Chapter 5 Critical Discussion of Null Hypothesis Significance Testing
Key concepts: problems with null hypothesis significance testing, meta-analysis, replication, frequentist versus Bayesian inference, theoretical population, data generating process.
Watch this micro lecture on criticisms of null hypothesis significance testing for an overview of the chapter.
Summary
In the preceding chapters, we learned to test null hypotheses. Null hypothesis significance testing is widely used in the social and behavioral sciences. There are, however, problems with null hypothesis significance tests that are increasingly being recognized.
The statistical significance of a null hypothesis test depends strongly on the size of the sample (Chapters 4 and 4.2.6), so non-significance may merely mean that the sample is too small. In contrast, irrelevant tiny effects can be statistically significant in a very large sample. Finally, we normally test a null hypothesis that there is no effect whereas we have good reasons to believe that there is an effect in the population. What does a significant test result really tell us if we reject an unlikely null hypothesis?
Among the alternatives to null hypothesis significance testing, using a confidence interval to estimate effects in the population is easiest to apply. It is closely related to null hypothesis testing, as we have seen in Section ??, but it offers us information with which we can draw a more nuanced conclusion about our results.
5.0.1 Knocking down straw men (over and over again)
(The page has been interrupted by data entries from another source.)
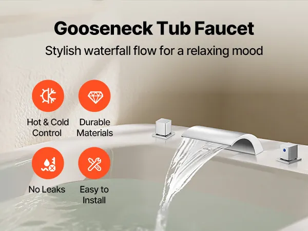 Kran High-Fill: Wysoki przepływ wody wynoszący 2,2 galona na minutę zapewnia szybkie napełnienie 40-galonowej wanny w ciągu 18 minut. Oszczędza to czas i zapewnia płynny i szybki przepływ wody. Ciesz się wygodą i wydajnością szybszej, bardziej relaksującej kąpieli.
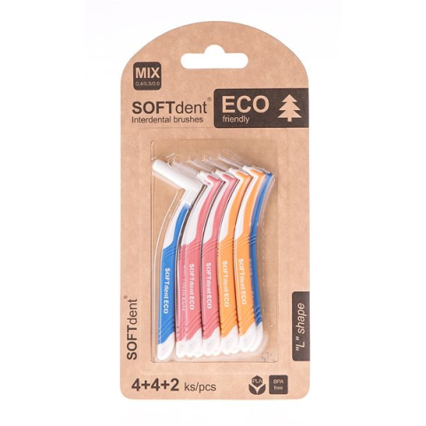 Fogköztisztító kefe - hosszított, ISO méret 1 (0,7 - 0,8 mm), alkalmas 0,7 - 2,5 mm méretű fogközökhöz, drót átmérője 0,7 mm, sörték átmérője 0,7 mm, hagyományos szálak, rózsaszín, narancssárga és kék kivitel, 10 darabos csomag A SOFTdent fogköztisztító kefe tökéletes megoldás a fogak közötti tér tisztítására, ahol gyakran ételmaradékok maradnak. L-alakú kialakításának köszönhetően hatékonyan tisztítja és távolítja el az éte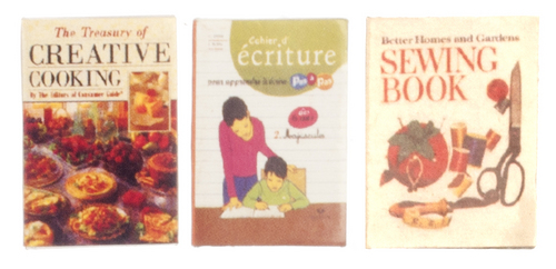 This 3 piece set of women's books for your dollhouse are done in 1:12 scale. Each of the 3 miniature books in the set have pages and measure 0.938"H x 0.625"W x 0.063"D.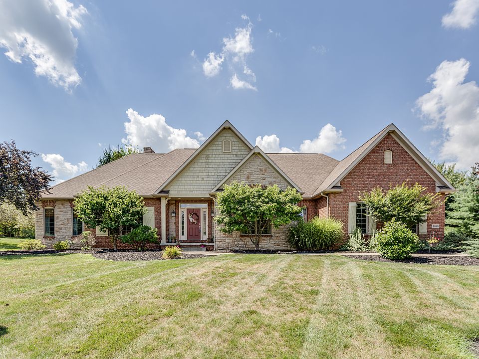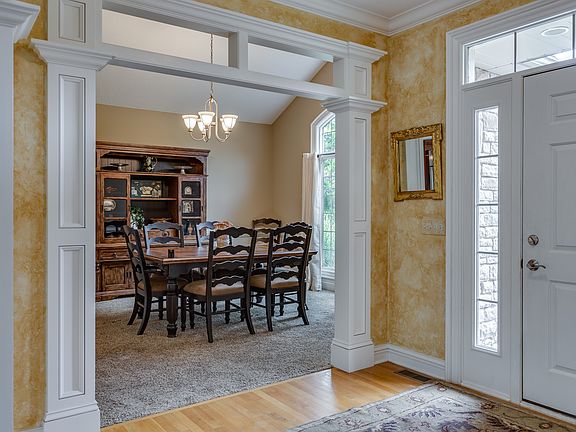 Great location in Carrington Estates. Many Custom details from vaulted ceilings and catherdral ceilings, wood beams, floor to ceiling stone fireplace, hardwood floors, walls of windows, and most replaced. Open floor plan. Beautiful shrock kitchen with granite counters , viking appliances, walk in pantry. Split Bedroom design for master suite privacy. Sun room off kitchen to patio, ideal for large gatherings. The lower level finished with bar, wine cellar, rec room, full bath,work out room, and 5 hole putting green. Great opportunity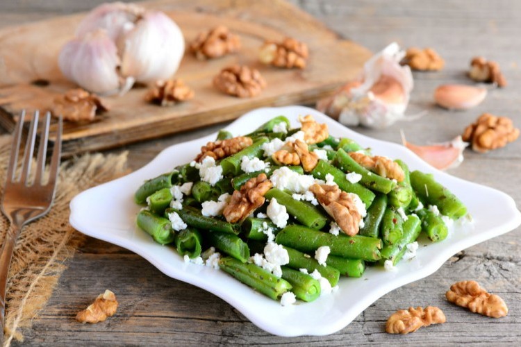فاصوليا خضراء مشوية بالجوز وجبن الفيتا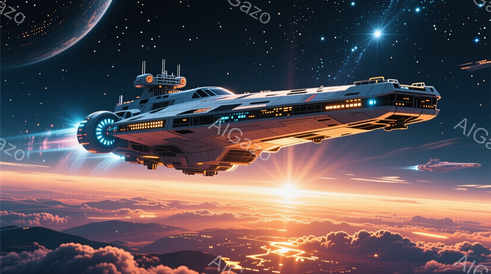 巨大な未来的な宇宙船が雲海を駆け抜けている様子が描かれています。船体は灰色で、青とオレンジの光が点在し、推進力のあるエンジンから青い光が放出されています。背景には、地球のような惑星と、他の宇宙船、そしてきらめく星々が広がり、壮大で神秘的な雰囲気を醸し出しています。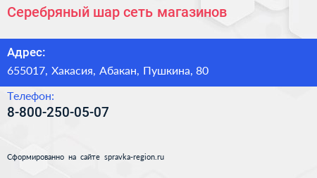 Серебряный шар, сеть магазинов по адресу 655017, Хакасия, Абакан, Пушкина, 80 в дальнейшем Организация, размещена в следующих категориях:

There is another aspect in the practice of null hypothesis significance testing that is not very satisfactory. Remember that null hypothesis testing was presented as a means for the researcher to use previous knowledge as input to her research (Section 4.1). The development of science requires us to expand existing knowledge. Does this really happen in the practice of null hypothesis significance testing?
Imagine that previous research has taught us that one additional unit of exposure to advertisements for a brand increases a person’s brand awareness on average by 0.1 unit if we use well-tested standard scales for exposure and brand awareness. If we want to use this knowledge in our own research, we would hypothesize that the regression coefficient of exposure is 0.1 in a regression model predicting brand awareness.
Well, try to test this null hypothesis in your favourite statistics software. Can you actually tell the software that the null hypothesis for the regression coefficient is 0.1? Most likely you can’t because the software automatically tests the null hypothesis that the regression coefficient is zero in the population.
This approach is so prevalent that null hypotheses equating the population value of interest to zero have received a special name: the nil hypothesis or the nil for short (see Section ??). How can we include previous knowledge in our test if the software always tests the nil?
The null hypothesis that there is no association between the independent variable and the dependent variable in the population may be interesting to reject if you really have no clue about the association. But in the example above, previous knowledge makes us expect a positive association of a particular size. Here, it is not interesting to reject the null hypothesis of no association. The null hypothesis of no association is a straw man in this example. It is unlikely to stand the test and nobody should applaud if we knock it down. Rejecting an unlikely statement is called a strawman argument in rhetorics.
Rejecting the nil time and again should make us wonder about scientific progress and our contribution to it. Are we knocking down straw men hypotheses over and over again? Is there no way to accumulate our efforts?